Input records:

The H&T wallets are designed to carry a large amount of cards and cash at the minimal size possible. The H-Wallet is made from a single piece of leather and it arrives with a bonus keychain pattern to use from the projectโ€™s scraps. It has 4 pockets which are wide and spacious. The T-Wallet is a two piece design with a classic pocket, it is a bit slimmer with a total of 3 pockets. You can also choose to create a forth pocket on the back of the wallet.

--

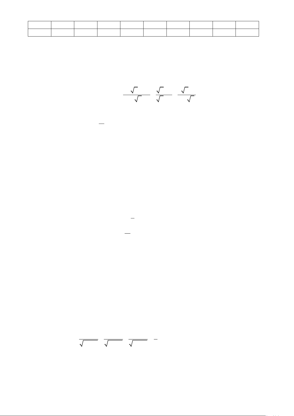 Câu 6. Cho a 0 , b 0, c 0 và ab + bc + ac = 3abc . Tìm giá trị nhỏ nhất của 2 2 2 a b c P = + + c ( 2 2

* * *

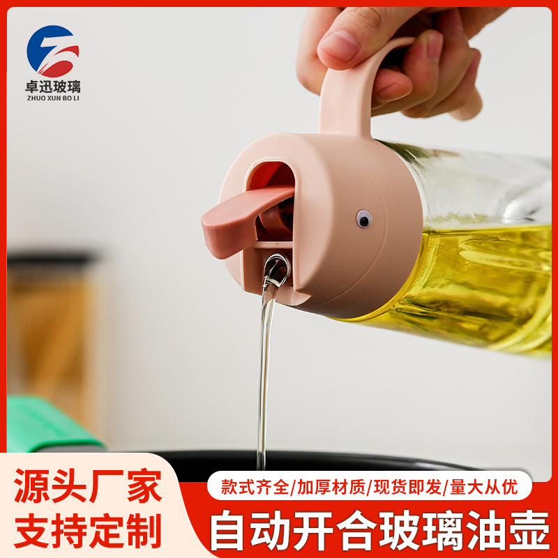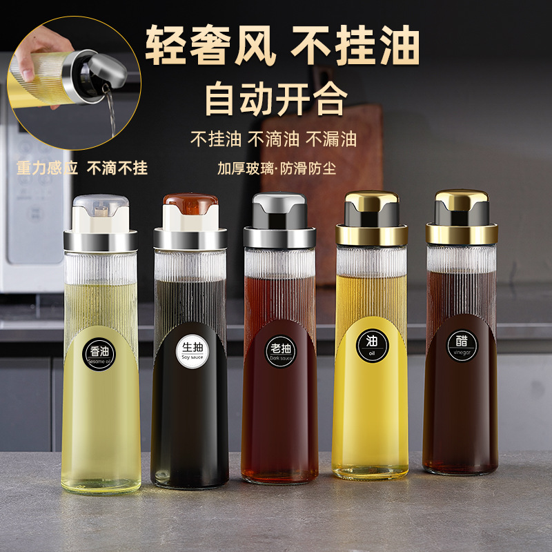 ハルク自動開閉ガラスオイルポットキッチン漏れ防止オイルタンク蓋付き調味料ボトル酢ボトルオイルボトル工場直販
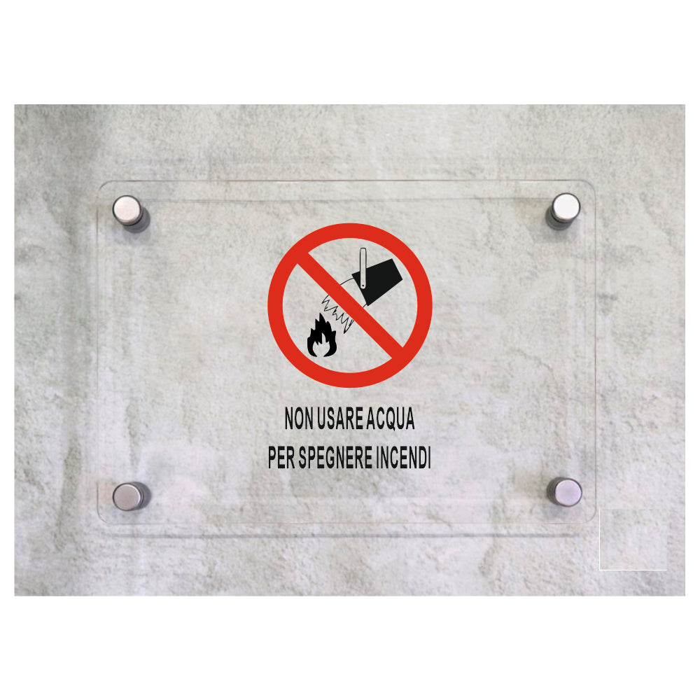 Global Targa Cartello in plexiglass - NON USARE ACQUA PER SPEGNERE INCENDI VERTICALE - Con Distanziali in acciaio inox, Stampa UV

Aim of the exercise: Pictures are to be left out. Write out only the lines above starting at the one with "ハルク自動開閉ガラスオイルポ" and ending at the one with "Global Targa Cartello", both lines included, exactly.

Output below:
 ハルク自動開閉ガラスオイルポットキッチン漏れ防止オイルタンク蓋付き調味料ボトル酢ボトルオイルボトル工場直販
 Global Targa Cartello in plexiglass - NON USARE ACQUA PER SPEGNERE INCENDI VERTICALE - Con Distanziali in acciaio inox, Stampa UV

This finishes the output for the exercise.